*THE PROBLEM:* The expected output is the line with "2020年11月25日,我院" plus all lines after it to the end of the material below, reproduced exactly, with pictures omitted and nothing else included.

*SOURCE DATA:*

+ + + + + + +

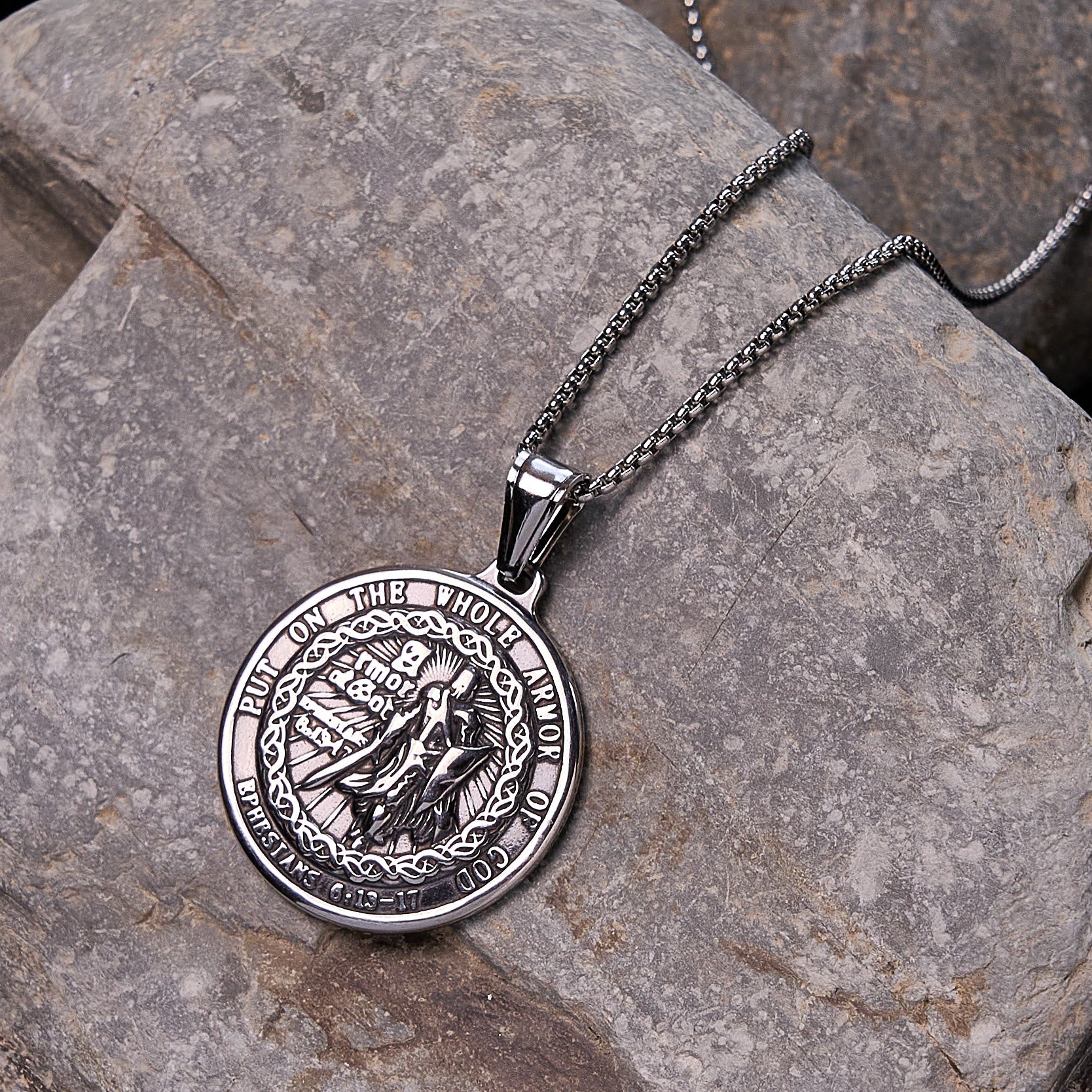 Caratterizzata da medaglioni dettagliati con la scritta "Completa l'armatura di Dio" e motivi guerrieri, questa collana irradia protezione spirituale e uno stile senza tempo, invitando a riflettere sulla difesa divina nella vita di tutti i giorni. - Artigianato durevole, simbolismo duraturo
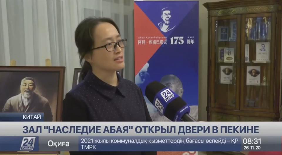 2020年11月25日,我院哈萨克斯坦中心主任孙芳老师,受邀参加了在哈萨克斯坦驻华使馆举行的为纪念哈萨克诗人、教育家、现代哈萨克书面文学的奠基者、思想家、哲学家、作曲家、翻译家阿拜·库南巴耶夫诞辰175周年而设立的“阿拜遗产”艺术文学馆的开幕式。
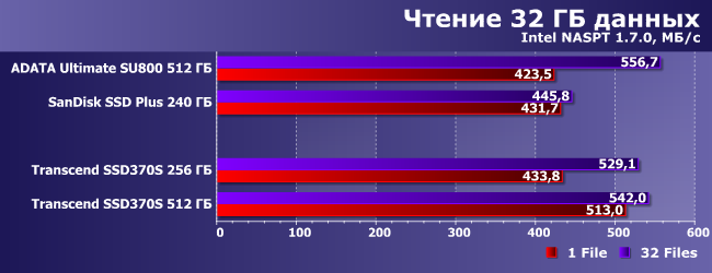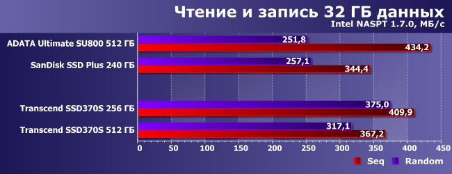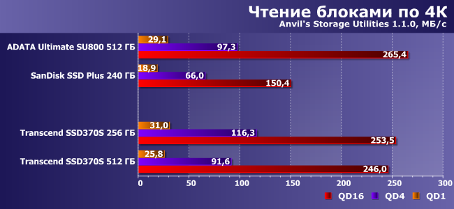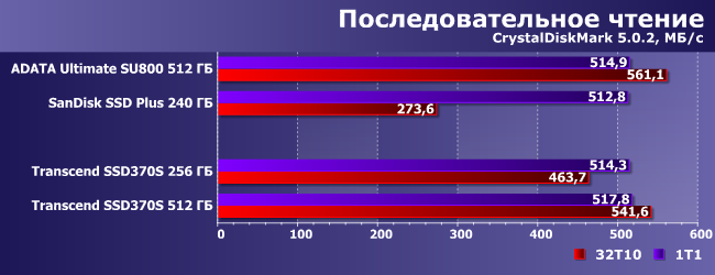 | AData Ultimate SU800 512 ГБ | SanDisk SSD Plus 240 ГБ | Transcend SSD370S 256 ГБ | Transcend SSD370S 512 ГБ | |

+ + + + + + +

*THE COMPLETED TASK:*
 2020年11月25日,我院哈萨克斯坦中心主任孙芳老师,受邀参加了在哈萨克斯坦驻华使馆举行的为纪念哈萨克诗人、教育家、现代哈萨克书面文学的奠基者、思想家、哲学家、作曲家、翻译家阿拜·库南巴耶夫诞辰175周年而设立的“阿拜遗产”艺术文学馆的开幕式。
 | AData Ultimate SU800 512 ГБ | SanDisk SSD Plus 240 ГБ | Transcend SSD370S 256 ГБ | Transcend SSD370S 512 ГБ | |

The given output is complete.